Nos povoamentos hidrotermais a produção primária é assegurada por bactérias quimiossintéticas, que obtêm a energia necessária para a fixação do CO2 a partir da oxidação dos sulfuretos (e em particular do H2S) presentes nos fumos emergentes. As bactérias desempenham, neste ecossistema, um papel primordial. Invertebrados como os mexilhões e outros bivalves usam-nas como fonte alimentar, enquanto outras espécies estabelecem com estas bactérias relações de simbiose.
A distribuição dos organismos em torno das emanações de fumos hidrotermais vai obedecer às exigências térmicas de cada um deles, seguindo um gradiente de temperatura. Algumas espécies distribuem-se entre os 12ºC e 3ºC, por exemplo, enquanto outras suportam temperaturas mais elevadas.
Figura 2 - Esquema simplificado de uma comunidade de uma fonte hidrotermal.
O organismo mais característico do ecossistema hidrotermal é um animal vermiforme e tubícola, de grandes dimensões, o vestimentífero Riftia pachyptila, que forma densos agregados. Na parte anterior do corpo apresenta um órgão guarnecido de finas lamelas e corado de vermelho intenso. Não possui nem boca nem tubo digestivo, intervindo na sua nutrição bactérias simbiontes, como havia sido referido anteriormente.
Próximo das emanações hidrotermais, a altas temperaturas, podem ser encontrados anelídeos poliquetas: os vermes de Pompeia (Alvinella pompejano e A. caudata), que vivem em tubos flexíveis, justapostos e em quantidade considerável. São os mais termófilos de todos os organismos associados ao hidrotermismo e suportam temperaturas compreendidas entre os 20 e os 40ºC. Outro traço dominante, em termos quantitativos, é conferido por densas populações do molusco bivalve Calyptogena magnifica, o maior de todos os bivalves conhecido (26 cm comprimento).

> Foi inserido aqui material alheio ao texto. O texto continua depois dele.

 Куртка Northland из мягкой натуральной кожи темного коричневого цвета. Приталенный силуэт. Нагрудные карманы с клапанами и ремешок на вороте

A fauna móvel é sobretudo constituída pelo caranguejo Bythograea thermidon e por numerosas galateas (Munidopsis). Entre os peixes, o mais abundante é o zoarcídeo Thermarces cerberus.
Figura 3 – Fonte hidrotermal do Pacífico. (1) Denso agregado de Riftia pachyptila; em primeiro plano o peixe Thermarces cerberus. (2) Além de Riftia pachyptila podem observar-se duas galateas e alguns mexilhões.

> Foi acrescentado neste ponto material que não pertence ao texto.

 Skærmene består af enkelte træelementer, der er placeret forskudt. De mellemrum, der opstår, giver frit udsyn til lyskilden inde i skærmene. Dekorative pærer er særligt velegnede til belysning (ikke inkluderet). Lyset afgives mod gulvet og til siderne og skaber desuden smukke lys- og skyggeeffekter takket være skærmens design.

A forma como se inicia a colonização das comunidades das fontes hidrotermais é, no entanto, ainda um mistério, uma vez que a distância entre as várias comunidades é normalmente de centenas de quilómetros.
A descoberta recente das comunidades hidrotermais veio criar novos conceitos biogeográficos, como o de arquipélago hidrotermal, com base na proporção de endemismos, acompanhada pela existência de um número considerável de fósseis vivos, que poderá ser relacionada com a idade da fonte hidrotermal.
Referências
Laubier, L. (1988). Biologie et écologie des sources hydrothermales. Oceanologica Acta, Vol. sp. 8, 233 p.
Saldanha, L. (1991). Fauna das profundezas marinhas. Colóquio/Ciências – Revista de Cultura Cientifica (Fundação Calouste Gulbenkian), Ano 3, nº 7: 26-42.
Sumich, J.L. (1992). An Introduction to the Biology of Marine Life. 5th Edition. Wm. C. Brown Publishers, 449 p.